Let's define the following variables:
- [HNO2]: Concentration of undissociated nitrous acid
- [H+]: Concentration of hydrogen ions (from dissociated nitrous acid)
- [NO2-]: Concentration of nitrite ions (from dissociated nitrous acid)
- Initial concentration of nitrous acid (HNO2): 0.200 mol/L
Given that the percent ionization is 5.8%, this means that 5.8% of the initial nitrous acid has dissociated. Therefore, the concentration of hydrogen ions and nitrite ions can also be calculated.
Percent ionization = (concentration of dissociated acid / initial concentration of acid) x 100
5.8% = ([H+] + [NO2-]) / 0.200 mol/L
Since nitrous acid is a monoprotic acid, for every 1 mol of HNO2 that dissociates, you will get 1 mol of H+ and 1 mol of NO2-. Therefore, [H+] and [NO2-] are equal.
Let x be the concentration of H+ and NO2-. Thus, x = [H+] = [NO2-].
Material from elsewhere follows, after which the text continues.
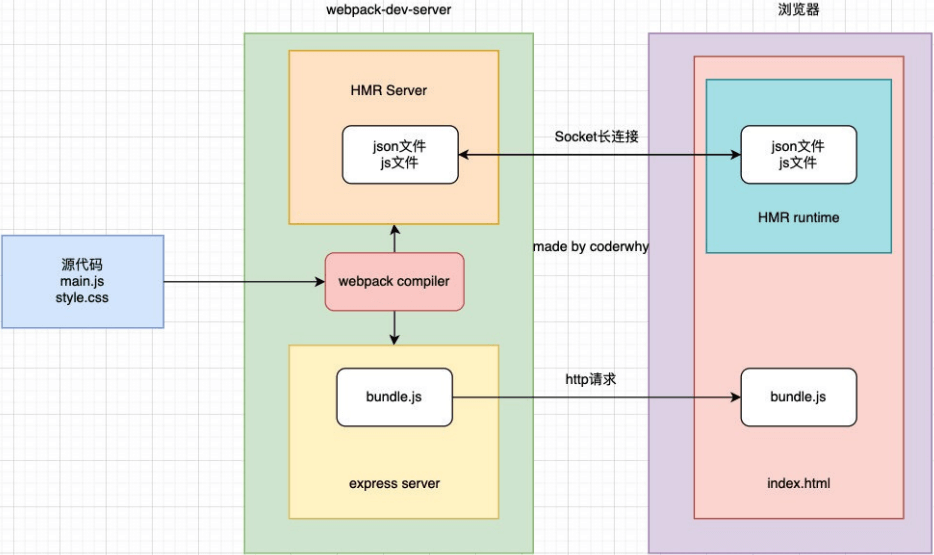 原理:webpack-dev-server会创建两个服务:提供静态资源的服务(express)和Socket服务(net.Socket);

Therefore, 5.8% = (2x) / 0.200 mol/L (using the fact that 2x represents the total concentration of the dissociated acid)
Now, let's solve for x:
0.058 = (2x) / 0.200
Cross-multiplying, we get:
0.058 * 0.200 = 2x
0.0116 = 2x
x = 0.0116 / 2
x = 0.0058 mol/L
Therefore, the concentration of hydrogen ions and nitrite ions at equilibrium is 0.0058 mol/L.
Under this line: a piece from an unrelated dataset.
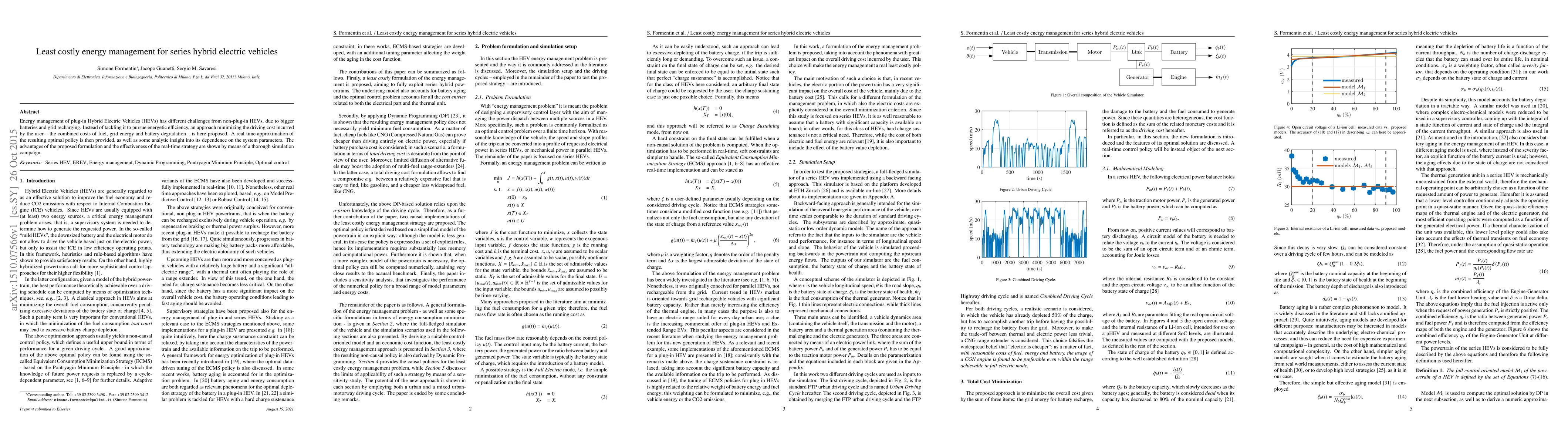 This paper proposes an energy management strategy for plug-in Hybrid Electric Vehicles (HEVs) aimed at minimizing driving costs, including fuel, grid energy, and battery degradation. A real-time approximation of the optimal policy is provided, validated through extensive simulations.

Now that we have the values of [H+] and [NO2-], we can calculate the value of Ka.
Ka = ([H+] * [NO2-]) / [HNO2]
Substituting the known values:
Ka = (0.0058 * 0.0058) / 0.200
Ka = 0.00003364 / 0.200
Ka = 0.0001682
So, the Ka of nitrous acid (HNO2) is approximately 0.0001682.